My Dad made them let me be alone with her for a few minutes, to say good-bye. The woman's body they left me with, the one laying in that bed with all the tubes sticking out of her, surrounded by humming machines and TV screens, that wasn't my Mama. That woman's face, her neck and even her hands, were all bloated, the skin stretched shiney like some kind of bazarre water balloon. Her hair was a mess too and her make-up was gone. My Mama would have hated that. But it didn’t matter , the part that had been my Mama wasn’t there any more.

I didn’t touch her, didn’t even bother saying good-bye, it was too late for that. I just walked back out.

The next day I started telling people the story.

I’ve been telling them ever since.

“ Look Kim, I don’t mean to be a prick about this. I know it was a terrible,terrible experience. I'm sure I can’t even begin to imagine what it’s like to lose your mother that way." Somewhere, back there a little way, he had pulled the car over to the side of the road and put the emergancy lights on.

"I didn't lose her. You lose an earring or even a cat, you don't lose a mother. My mother was taken from me. She was murdered by a sick, twisted man and taken from me. I did not lose her."

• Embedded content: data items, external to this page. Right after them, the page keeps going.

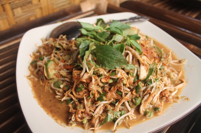I arrived at BIOTROP a few days after the courses commenced. I was just in time for lunch and one of the buffet dishes was piled high with karedok, my favourite Sundanese salad. A hearty paste of powdered peanuts, ginger, galangal, garlic, terasi, palm sugar, salt, a bird’s eye chilli and a smidge of water is mashed together with a pestle in a wide, shallow mortar. Then in go crunchy snake beans, bean sprouts, cabbage, cucumber, baby eggplant and lemon basil leaves. All but the latter is sliced aerially which always impresses the hell out of me. Served with a sprinkling of fried shallots it’s a delicious staple in my diet of which I never tire – though I’ve only found one karedok lady (and it always seems to be a woman wielding the pestle) who makes it cukup pedas, spicy enough for me. Sangat pedas! Pedas sekali! Pedas banget! Pedas pedas pedasI I always insist. The BIOTROP kitchen’s karedok tasted quite different to Bandung’s; it was much milder, too light on the terasi perhaps and contained shredded carrot. But then again it’s always slightly different. “Beda tangan beda rasa,” replied my colleague Dian sagely when I remarked on this. I smiled. “Tentu saja! Of course. Different hands, different flavour.” My favourite language lessons occur over food.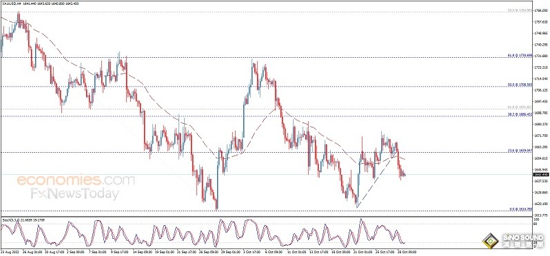 週一(10月31日)亞市尾盤,現貨黃金維持跌勢,金價正逼近1640美元/盎司關口。知名財經資訊網站Economies.com週一最新撰文,對日內黃金走勢進行前瞻分析。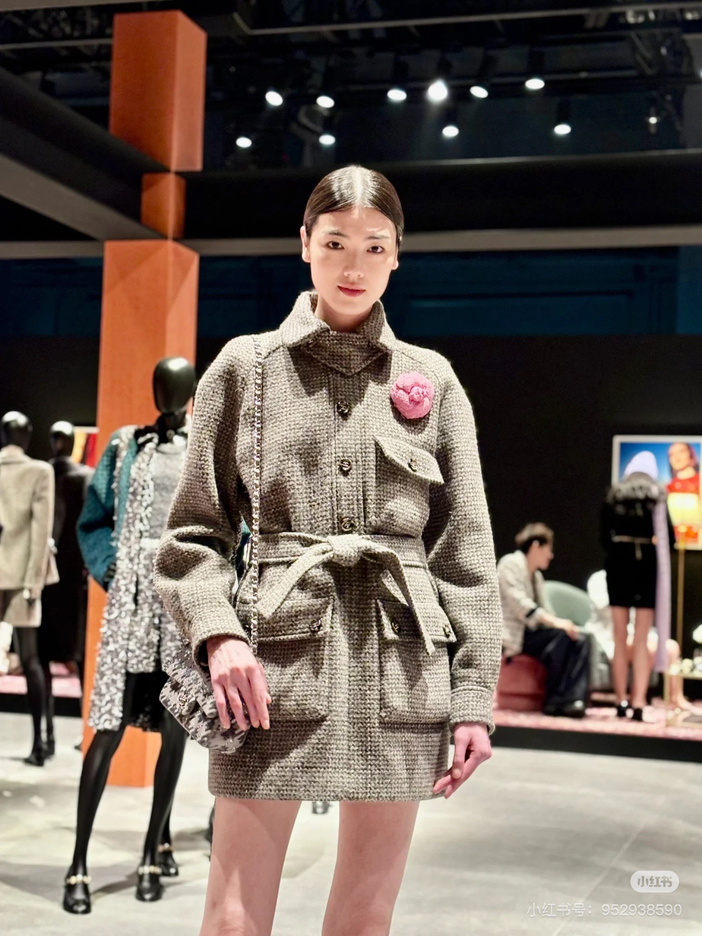 NIGO Chanel Women's Spring And Autumn Vintage Pure Color Wool Tweed Long Lace-Up Dress Coat Ngvp #nigo9369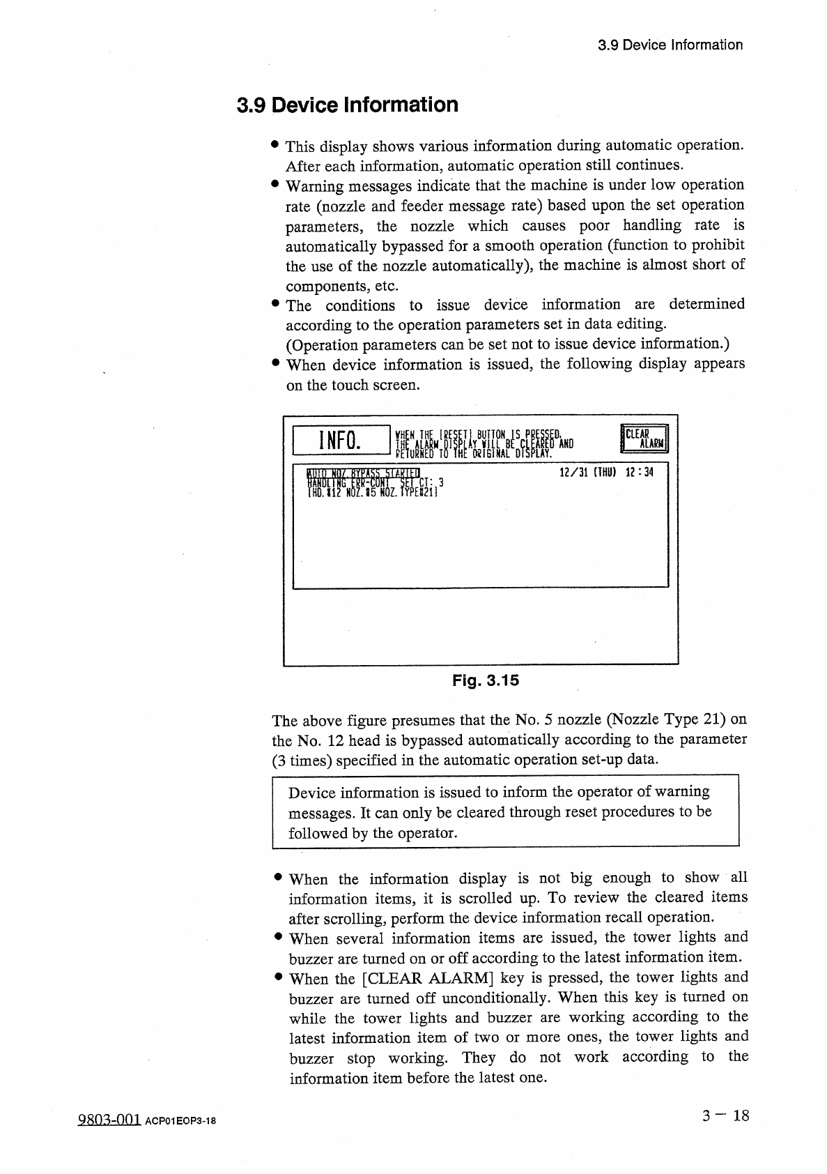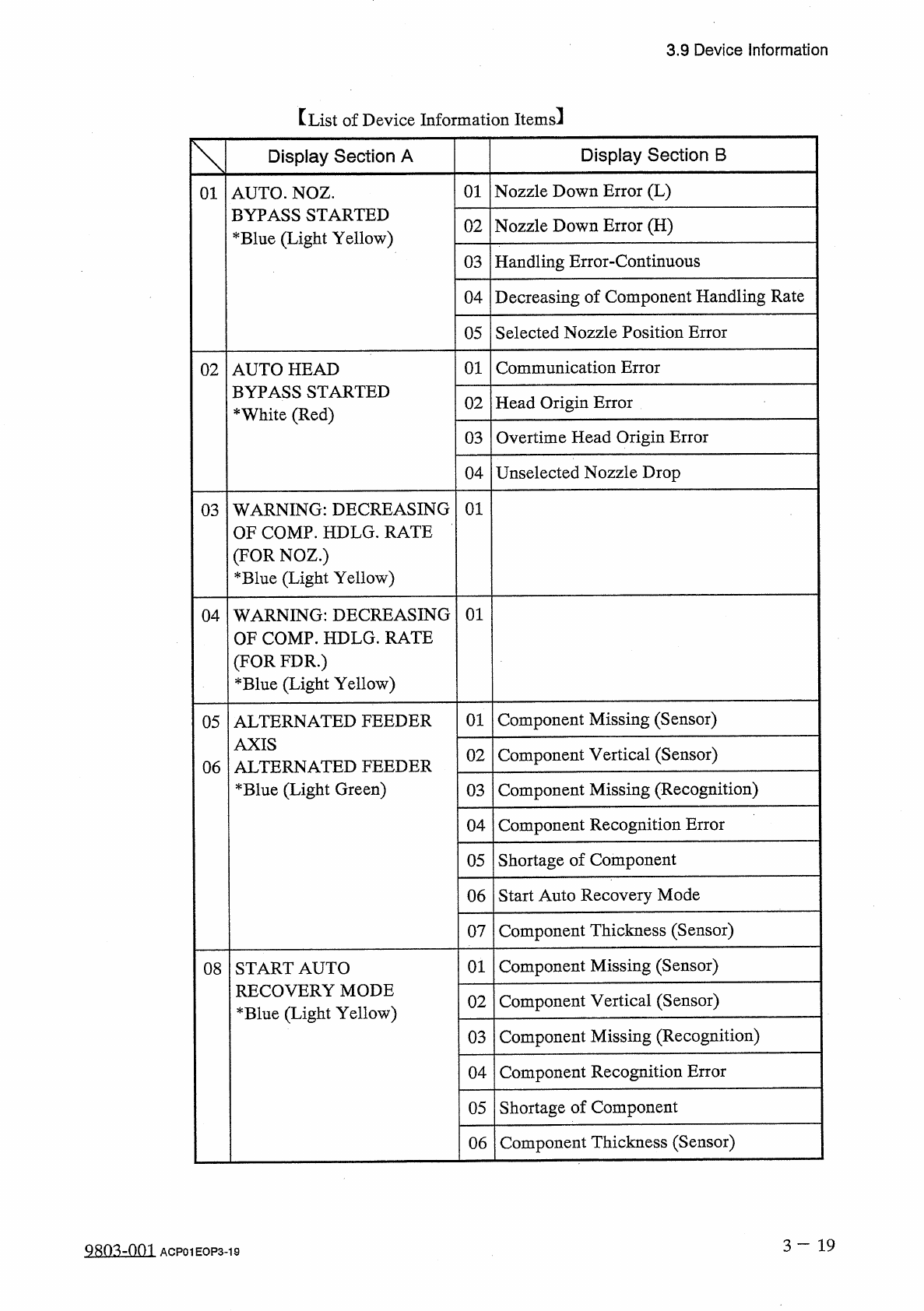 3.9 Device information 【 List of Device Information Items 】 Display Section B Display Section A 01 Nozzle Down Error ( L ) 01 AUTO . NOZ . BYPASS STARTED * Blue ( Light Yellow ) Nozzle Down Error ( H ) 02 Handling Error …

"I know you still miss her, that you always will. “ He keeps puts his hands on either side of my face and looks into my eyes, so I will know he is sincere. “ I know you want her death to have meaning, to serve a purpose, but this isn’t the way to do it."

I disagree.

"You make people uncomfortable . They listen to you and they can't help but think about themselves. Maybe they suddenly remember that time they were high, or were a little tipsy, but they got in their car and drove home anyway. Maybe they remember that time they let their friend drive home, even though it was obveous she'd had too much to drink, because it 'wasn't their business" or they didn't want to make their friend mad angry. They end up identifying with the guy who hit your mother, instead of with her.

They listen to you and they feel guilty."

"Not all of them. Some of them will hear me. They'll listen, and maybe the next time they'll remember and they won't make his mistake...."His hand is in my hair, his forehead touches mine.

“I'd like to believe that, Kim, I really would.“ He turns off the engine and unbuckles both our belts so he can take me in his arms. “But I think you've got to face the facts.”

The facts: On Oct. 11, 1975, my 37 year old mother was murdered on her way home from a night class. The killer was 20 years old and had already killed someone else less than a year before. His weapon in both cases, was the car he drove while under the influence of alchohol. Because his crimes occured prior to the creation and efforts of MADD (Mother’s Against Drunk Drivers) and similar organizations, the laws regarding such “accidents” were much less punative. The man who killed my mother lost his license for six months and received a $500 fine. I was ten years old. My mother has been dead for 35 years. I still miss her.